### WHAT THIS TASK INVOLVES
The entries below must be reproduced exactly; their pictures are not part of the copy.

(Records from a collection)
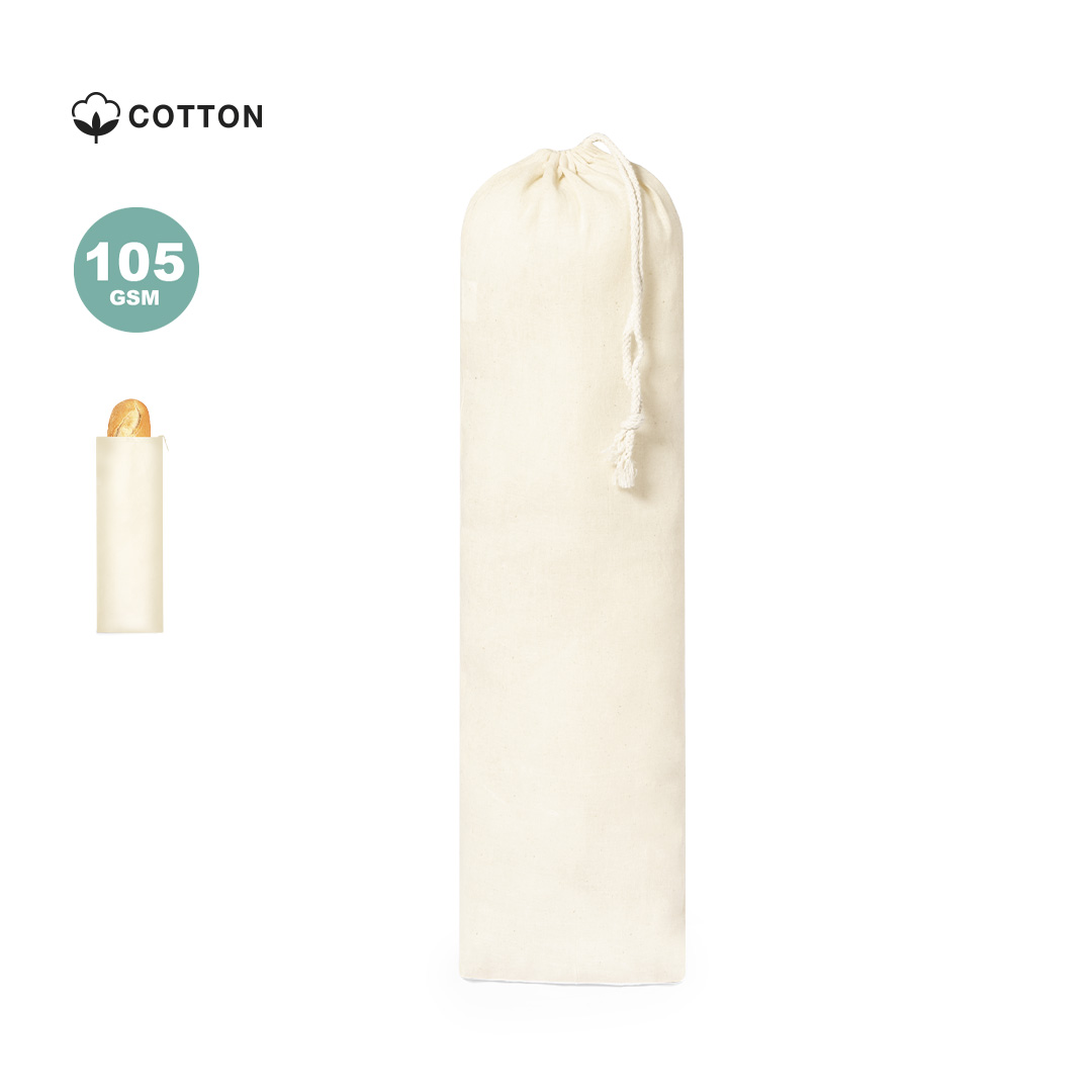 Bolsa tipo pan en material 100% algodón natural con cierre de cordón a juego. Acabado cosido.
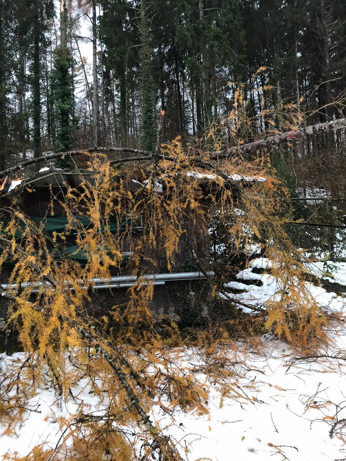 Auch der Parkplatz des Vereinsgeländes wurde durch die Schneelast und den daraus resultierenden Holzschlag stark in Mitleidenschaft gezogen.
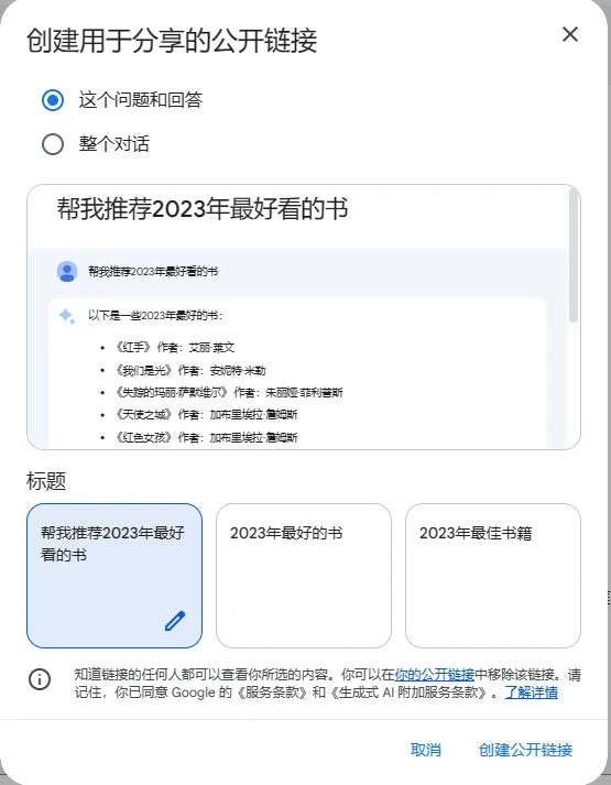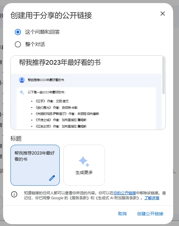 - 具体变化:你可以更轻松地与其他人分享部分或完整的 Bard 对话内容。利用可分享的链接,让其他人只需轻轻一点,即可轻松流畅地查看你的 Bard 对话内容和相关信息来源。
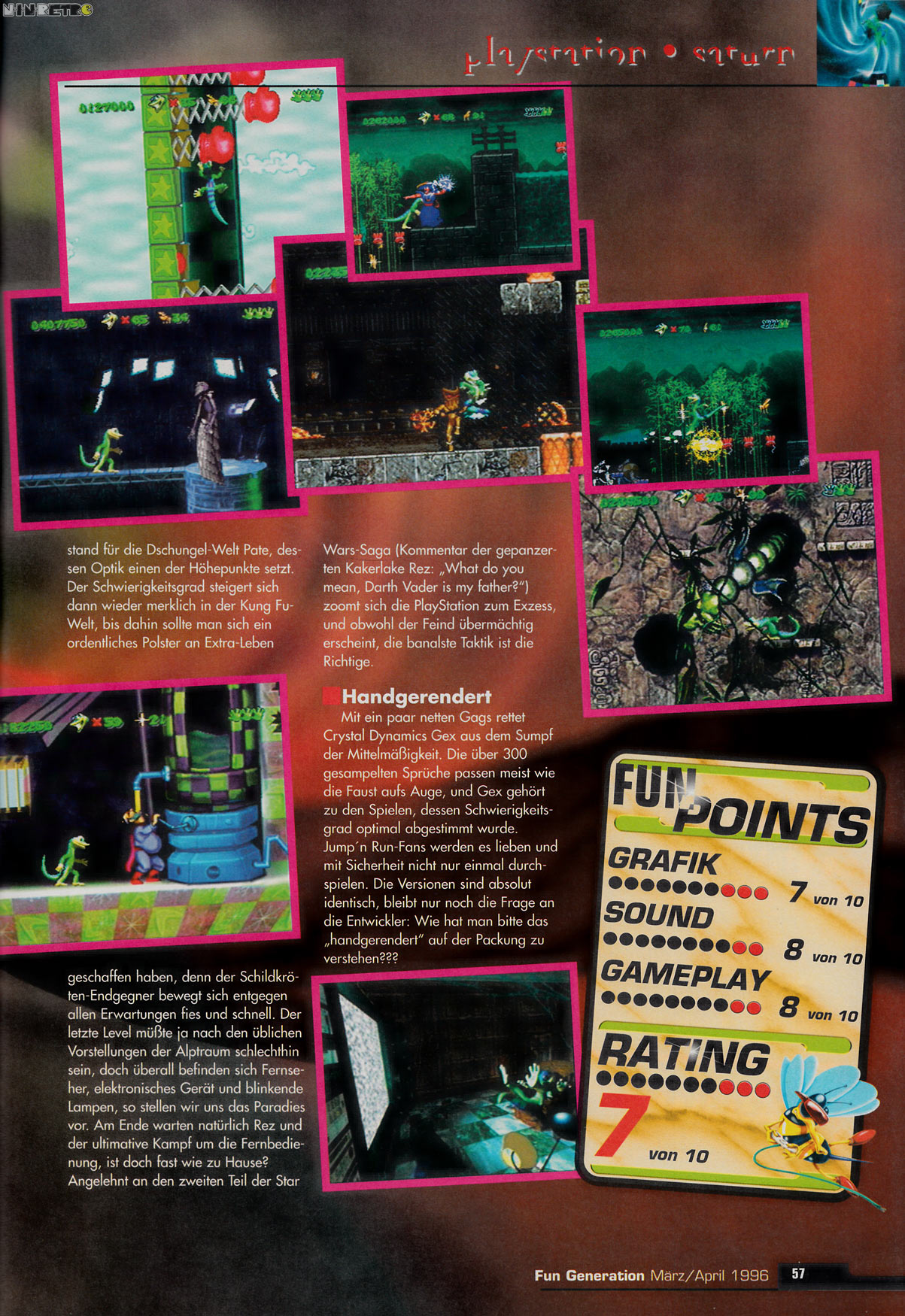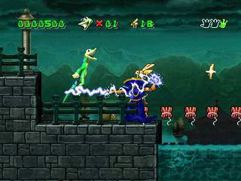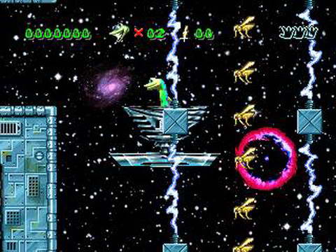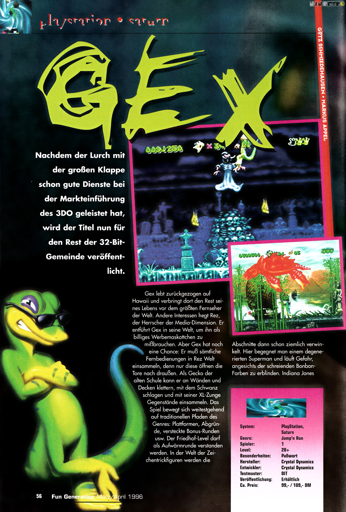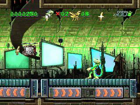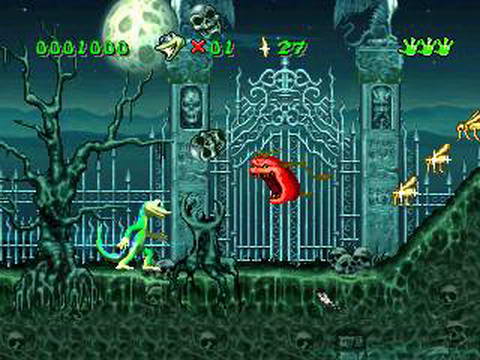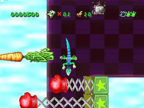 HBO comedian Dana Gould fuels GEX with over 300 hilarious one-liners and sound effects. GEX's mouth gets him in trouble, but it's his thrashing tail and suction cup paws that get him out. GEX has been sucked into the Media Dimension, the place where cheesy 70's movies go to retire. To escape he's gotta kill TVs in each world. (remember that bumper sticker?)
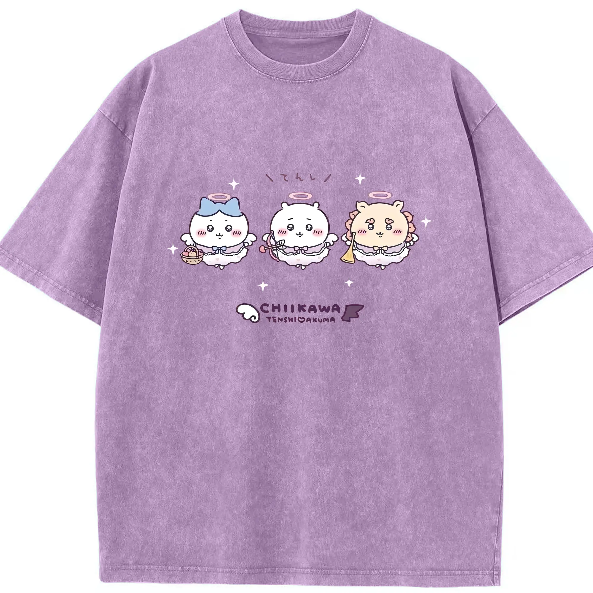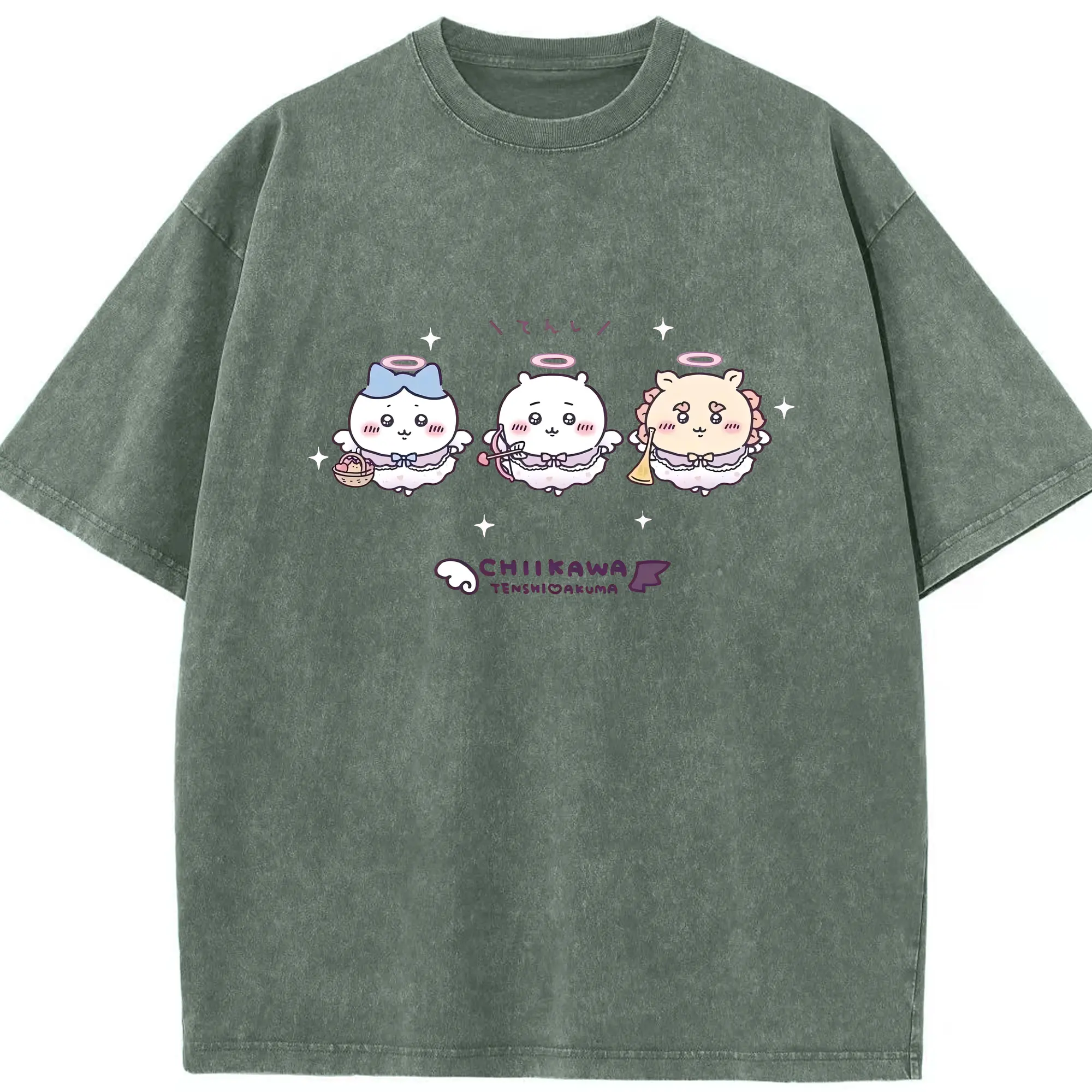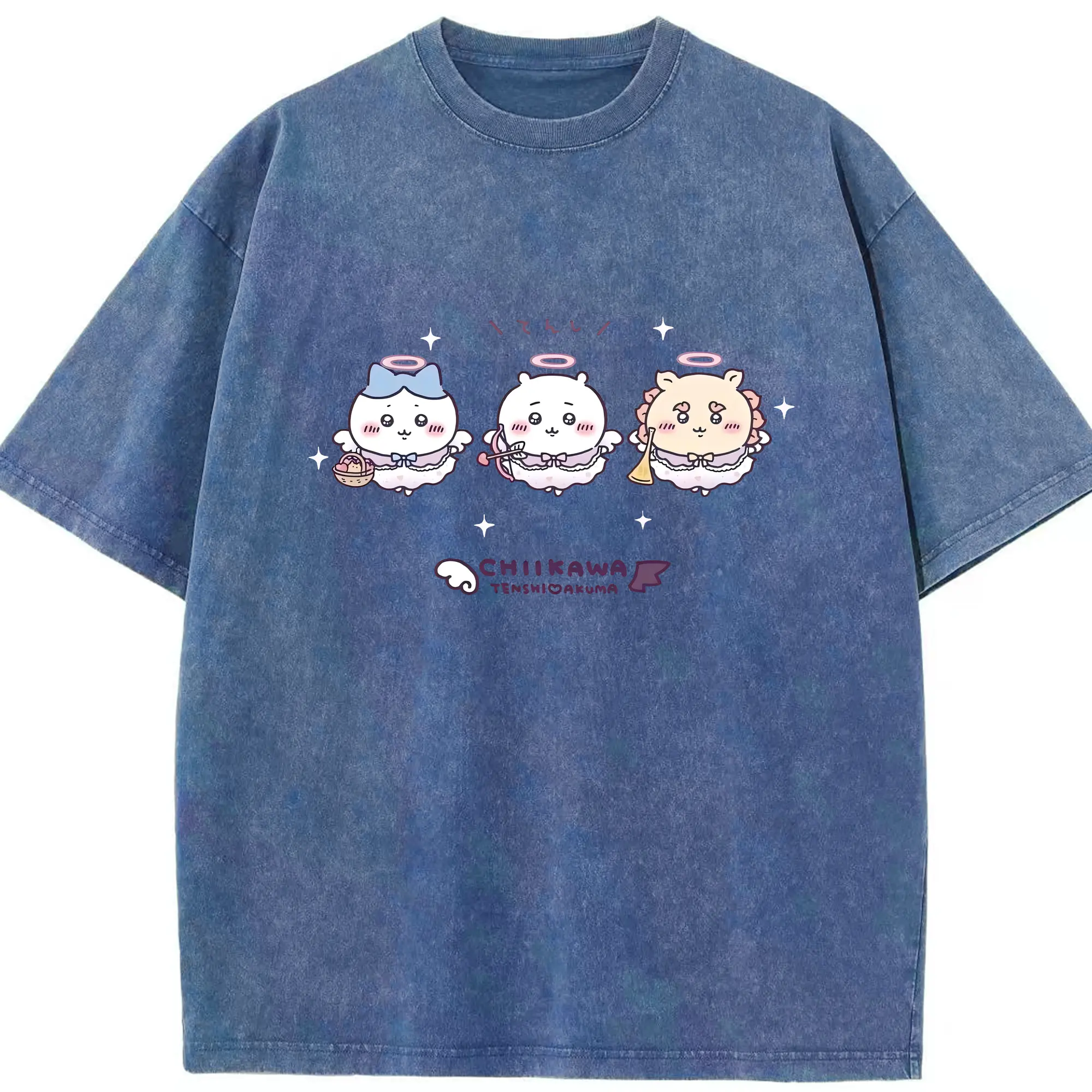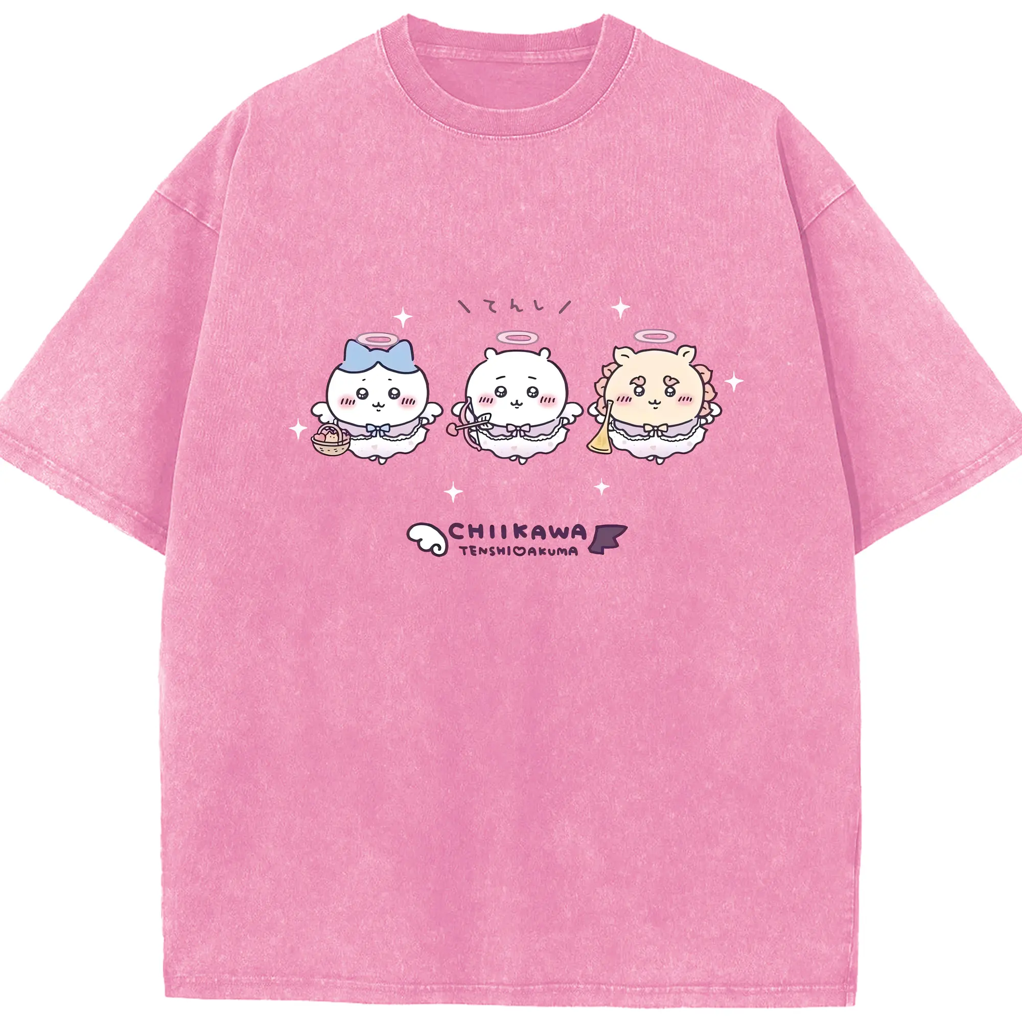 ちい が わ グッズ ちいかわ - 綿100% ヴィンテージ風 半袖Tシャツ ・ 背面プリント ・ 柔らか肌触り ・ 通気性 快適 ・ スポーツ カジュアル 外出用

### YOUR SOLUTION
 Bolsa tipo pan en material 100% algodón natural con cierre de cordón a juego. Acabado cosido.
 Auch der Parkplatz des Vereinsgeländes wurde durch die Schneelast und den daraus resultierenden Holzschlag stark in Mitleidenschaft gezogen.
 - 具体变化:你可以更轻松地与其他人分享部分或完整的 Bard 对话内容。利用可分享的链接,让其他人只需轻轻一点,即可轻松流畅地查看你的 Bard 对话内容和相关信息来源。
 HBO comedian Dana Gould fuels GEX with over 300 hilarious one-liners and sound effects. GEX's mouth gets him in trouble, but it's his thrashing tail and suction cup paws that get him out. GEX has been sucked into the Media Dimension, the place where cheesy 70's movies go to retire. To escape he's gotta kill TVs in each world. (remember that bumper sticker?)
 ちい が わ グッズ ちいかわ - 綿100% ヴィンテージ風 半袖Tシャツ ・ 背面プリント ・ 柔らか肌触り ・ 通気性 快適 ・ スポーツ カジュアル 外出用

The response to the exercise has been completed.